Required action>
The lines from the one containing "Dachgeschoss: weitere 56" to the end of the entries, both included, are what you need to transcribe exactly, without pictures and without anything else.

Materials provided>
---+---

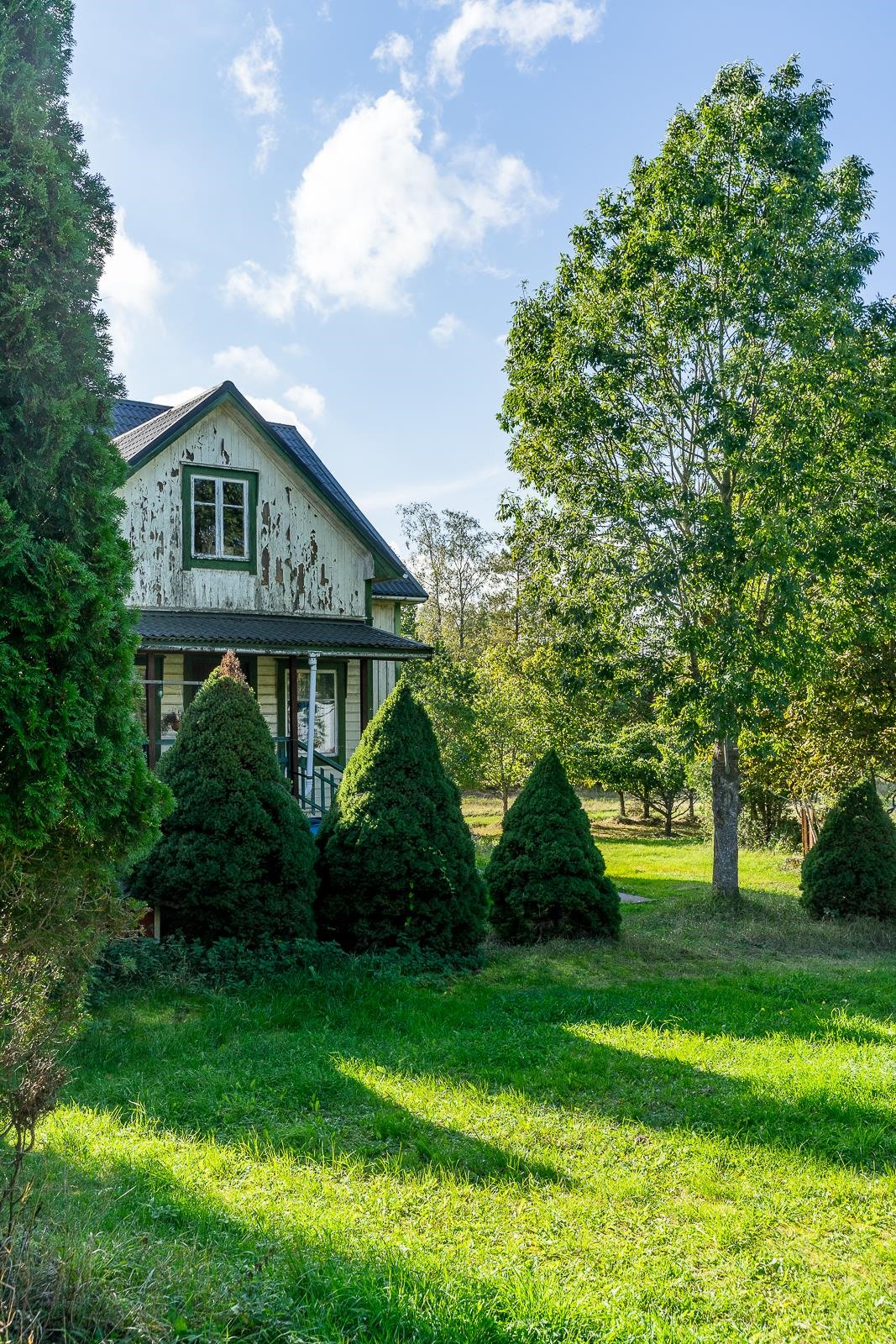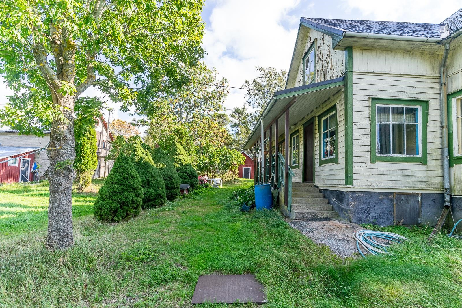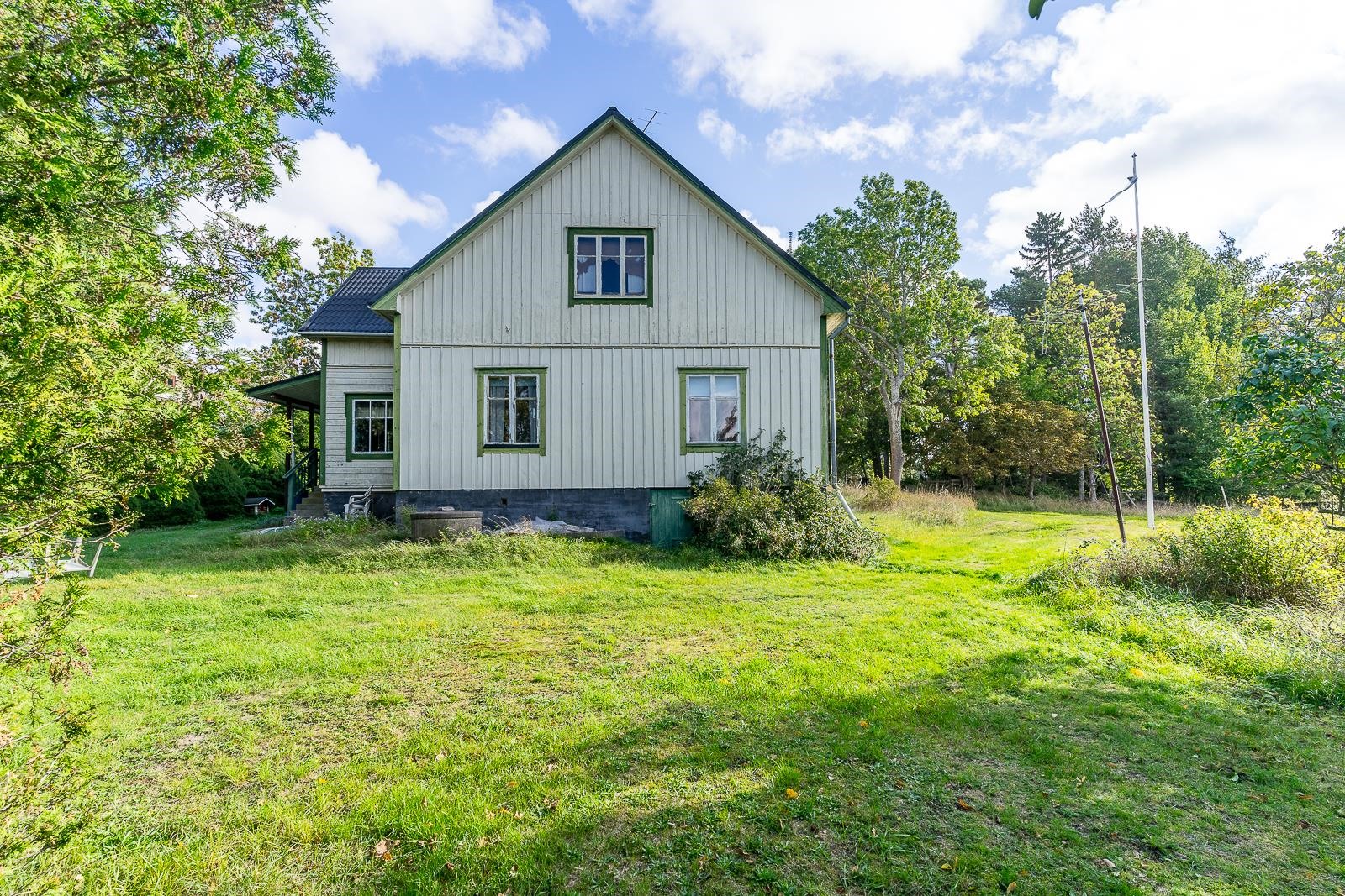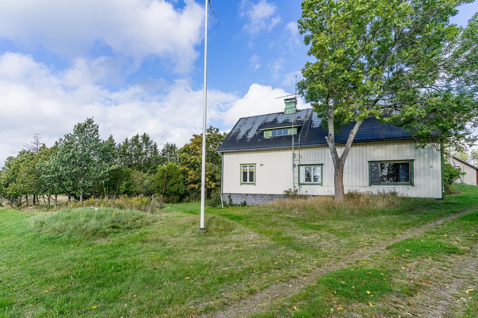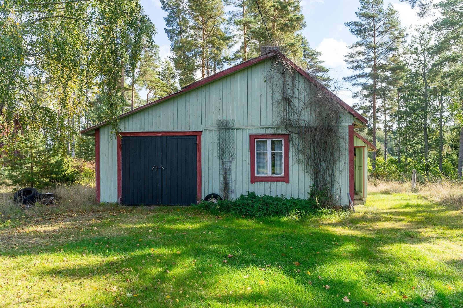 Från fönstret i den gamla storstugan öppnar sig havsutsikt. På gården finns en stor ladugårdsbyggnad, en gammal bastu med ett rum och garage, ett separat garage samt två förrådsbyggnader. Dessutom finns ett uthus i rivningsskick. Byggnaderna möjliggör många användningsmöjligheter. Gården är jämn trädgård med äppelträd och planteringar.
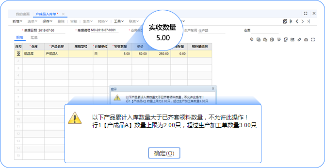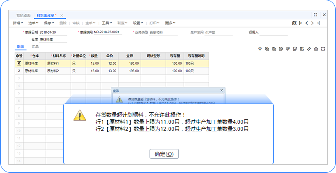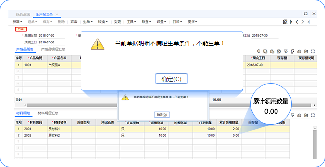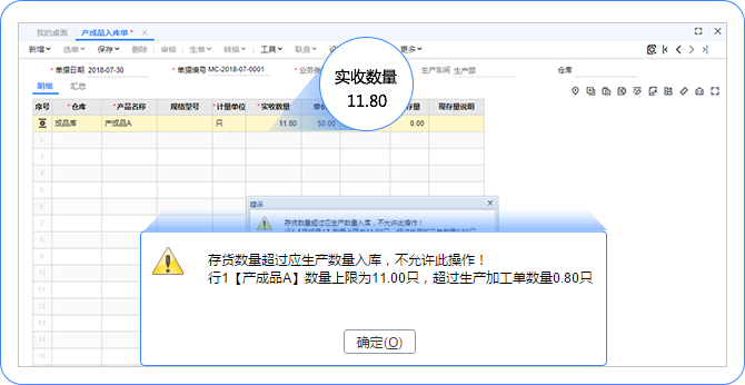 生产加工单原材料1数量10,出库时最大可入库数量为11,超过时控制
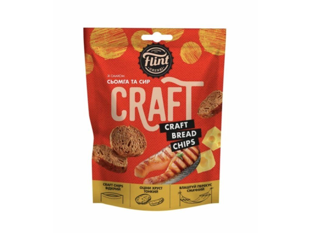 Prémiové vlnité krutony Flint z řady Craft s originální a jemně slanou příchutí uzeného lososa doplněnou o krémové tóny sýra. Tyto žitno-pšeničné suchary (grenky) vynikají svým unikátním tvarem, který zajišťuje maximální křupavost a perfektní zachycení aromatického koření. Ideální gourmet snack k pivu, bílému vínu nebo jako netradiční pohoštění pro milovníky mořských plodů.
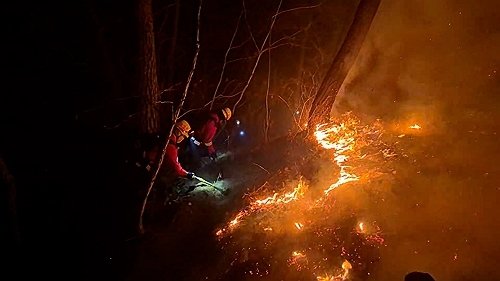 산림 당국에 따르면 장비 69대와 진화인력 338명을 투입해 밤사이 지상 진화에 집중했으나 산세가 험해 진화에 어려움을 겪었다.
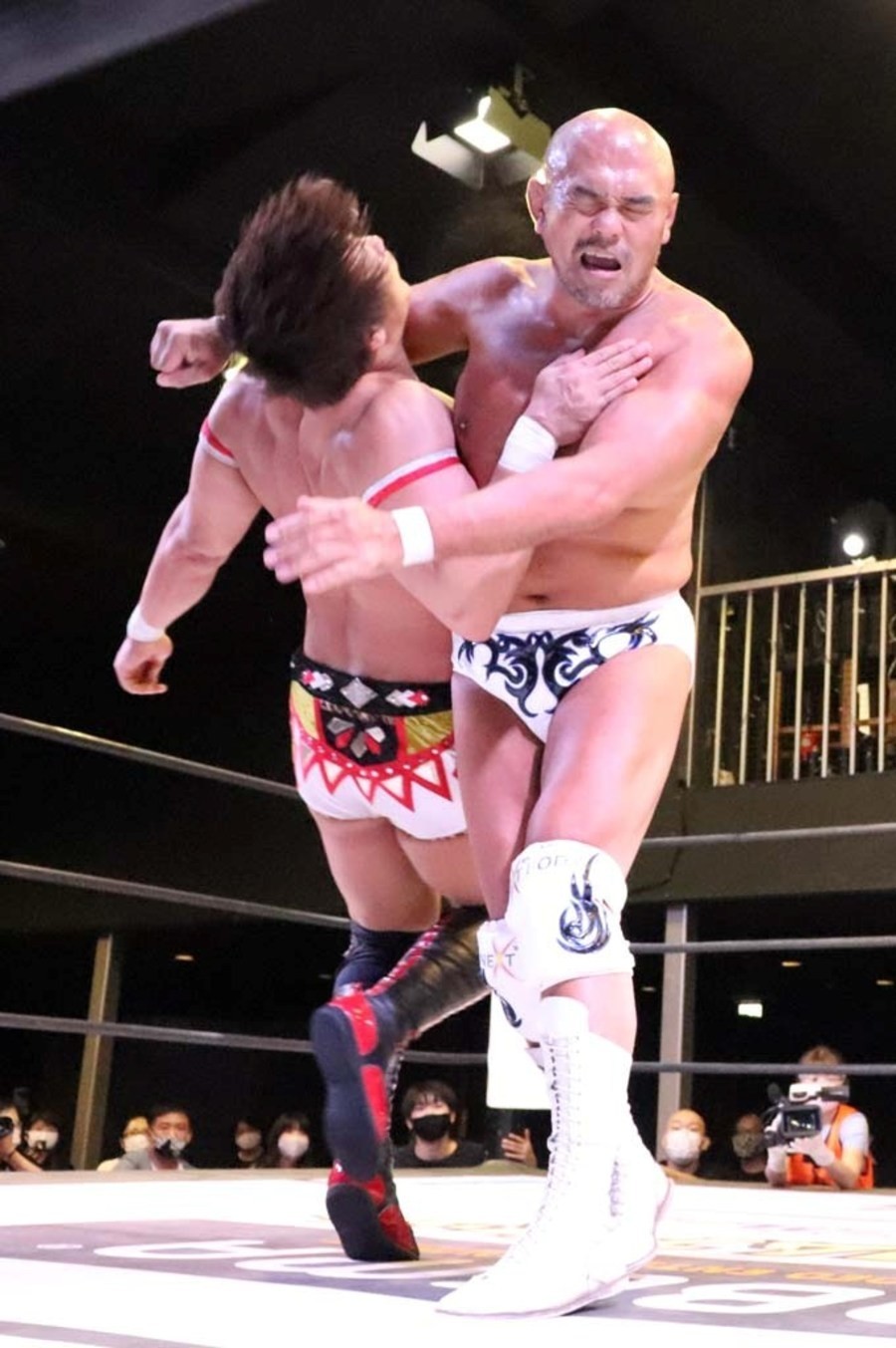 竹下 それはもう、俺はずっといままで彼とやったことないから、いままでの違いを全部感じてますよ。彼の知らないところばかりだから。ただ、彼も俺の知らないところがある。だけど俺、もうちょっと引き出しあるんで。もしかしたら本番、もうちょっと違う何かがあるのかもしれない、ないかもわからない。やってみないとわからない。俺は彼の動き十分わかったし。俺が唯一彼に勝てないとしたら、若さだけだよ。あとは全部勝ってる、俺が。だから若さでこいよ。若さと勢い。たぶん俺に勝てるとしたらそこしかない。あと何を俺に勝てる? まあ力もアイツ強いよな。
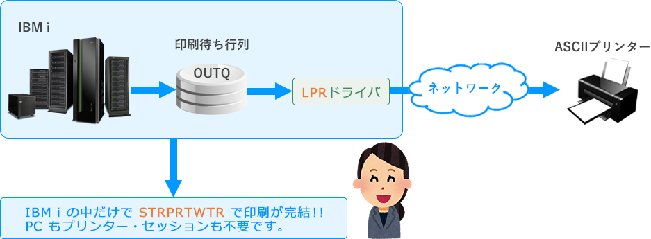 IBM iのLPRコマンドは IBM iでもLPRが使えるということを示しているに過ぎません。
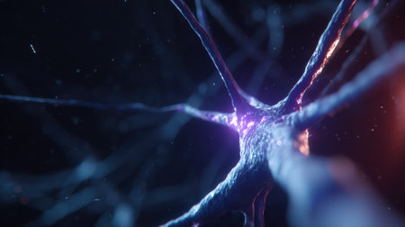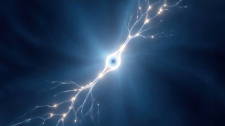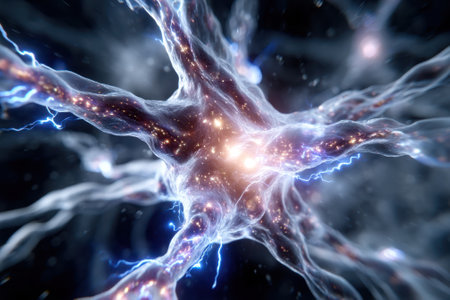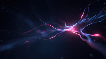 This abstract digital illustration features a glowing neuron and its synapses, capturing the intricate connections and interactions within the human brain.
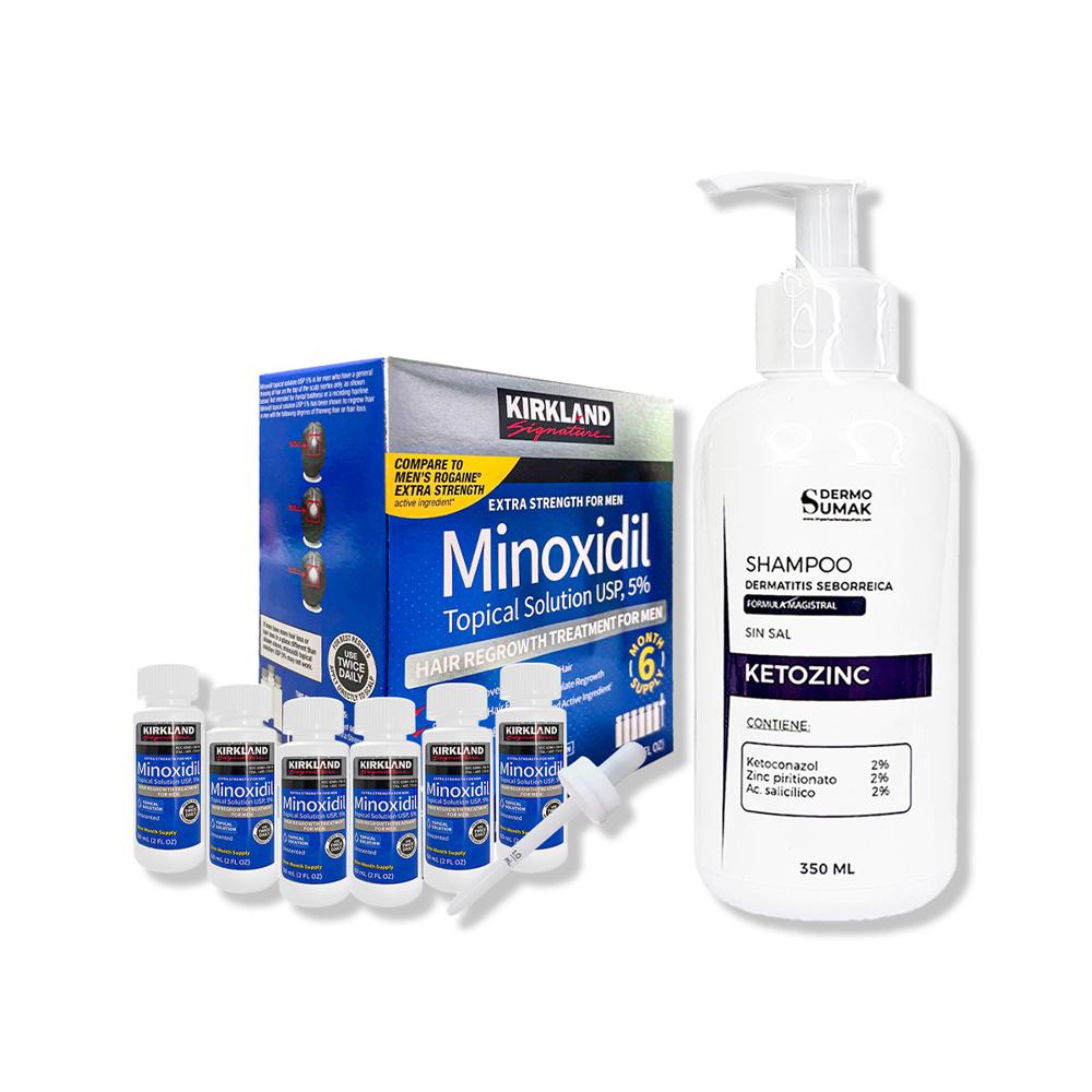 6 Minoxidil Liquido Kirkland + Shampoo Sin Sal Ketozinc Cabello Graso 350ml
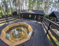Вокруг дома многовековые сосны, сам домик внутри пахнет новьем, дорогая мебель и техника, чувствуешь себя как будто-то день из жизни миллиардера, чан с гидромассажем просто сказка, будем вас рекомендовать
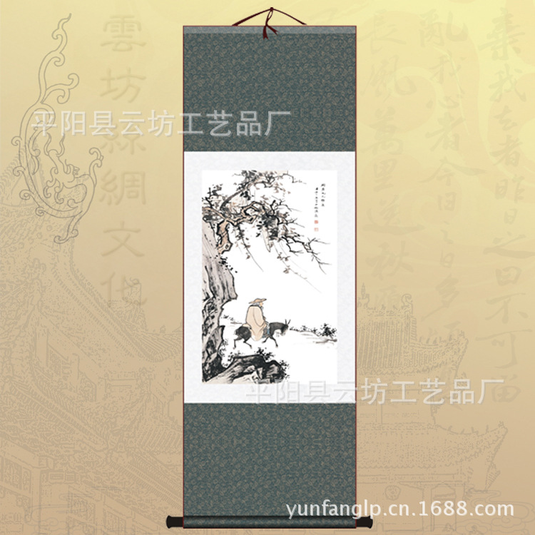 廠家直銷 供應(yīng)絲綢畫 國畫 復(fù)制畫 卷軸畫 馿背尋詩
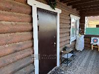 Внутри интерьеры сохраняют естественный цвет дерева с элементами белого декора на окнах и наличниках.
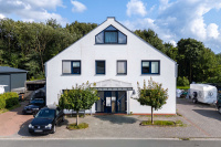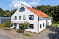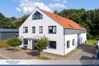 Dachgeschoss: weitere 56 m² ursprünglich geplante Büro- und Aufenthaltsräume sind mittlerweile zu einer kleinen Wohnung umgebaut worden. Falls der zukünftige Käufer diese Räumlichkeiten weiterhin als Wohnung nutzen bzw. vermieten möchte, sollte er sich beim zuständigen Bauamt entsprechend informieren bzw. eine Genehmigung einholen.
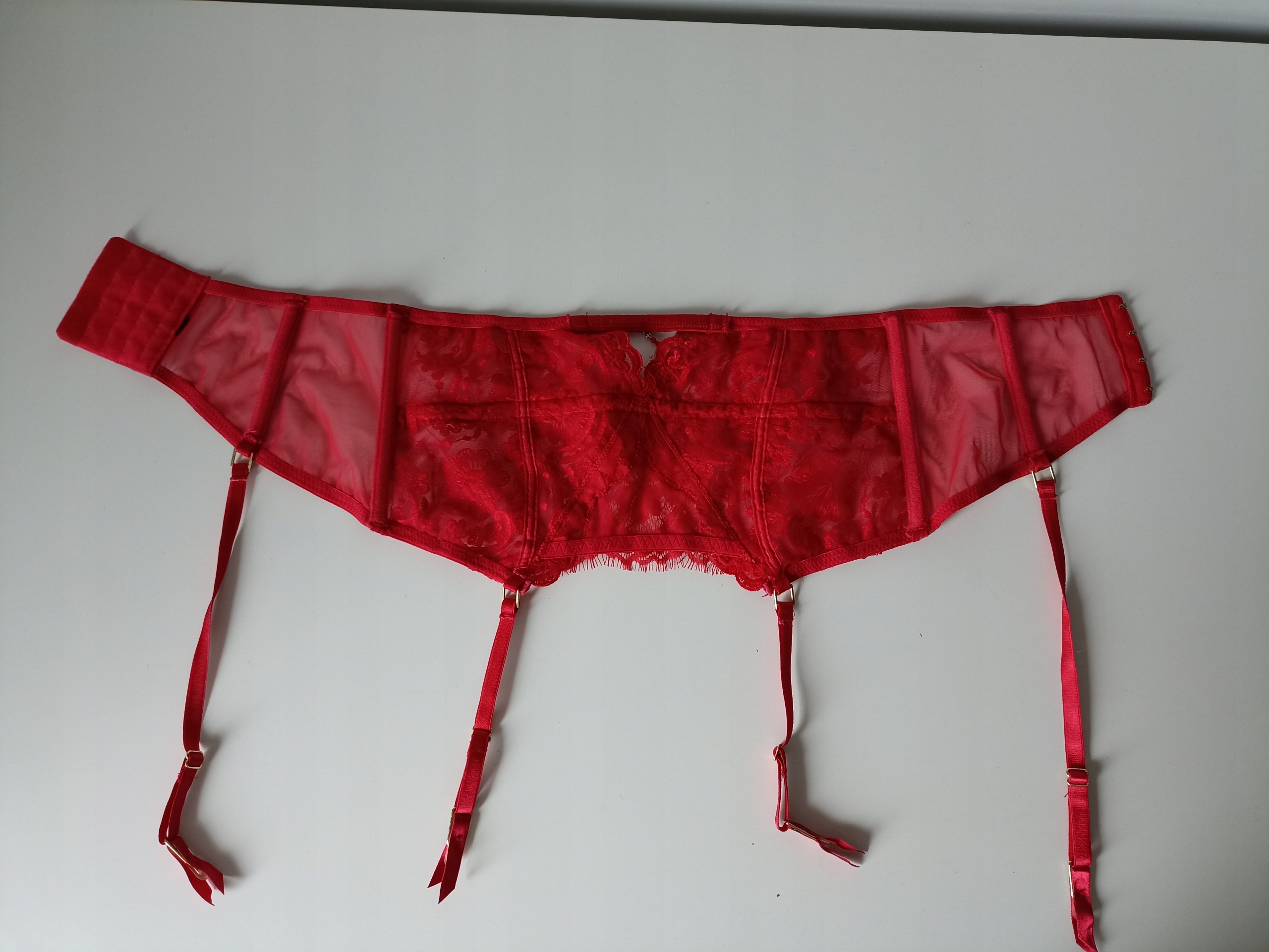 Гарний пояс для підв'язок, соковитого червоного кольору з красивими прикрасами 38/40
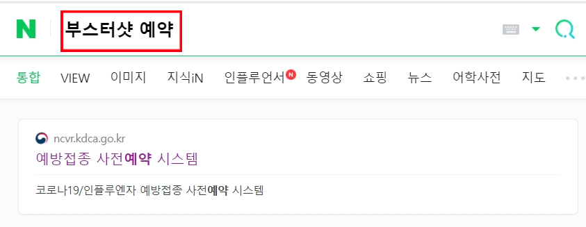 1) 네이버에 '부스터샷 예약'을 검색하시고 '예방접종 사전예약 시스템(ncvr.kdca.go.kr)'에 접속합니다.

---+---

Written answer>
 Dachgeschoss: weitere 56 m² ursprünglich geplante Büro- und Aufenthaltsräume sind mittlerweile zu einer kleinen Wohnung umgebaut worden. Falls der zukünftige Käufer diese Räumlichkeiten weiterhin als Wohnung nutzen bzw. vermieten möchte, sollte er sich beim zuständigen Bauamt entsprechend informieren bzw. eine Genehmigung einholen.
 Гарний пояс для підв'язок, соковитого червоного кольору з красивими прикрасами 38/40
 1) 네이버에 '부스터샷 예약'을 검색하시고 '예방접종 사전예약 시스템(ncvr.kdca.go.kr)'에 접속합니다.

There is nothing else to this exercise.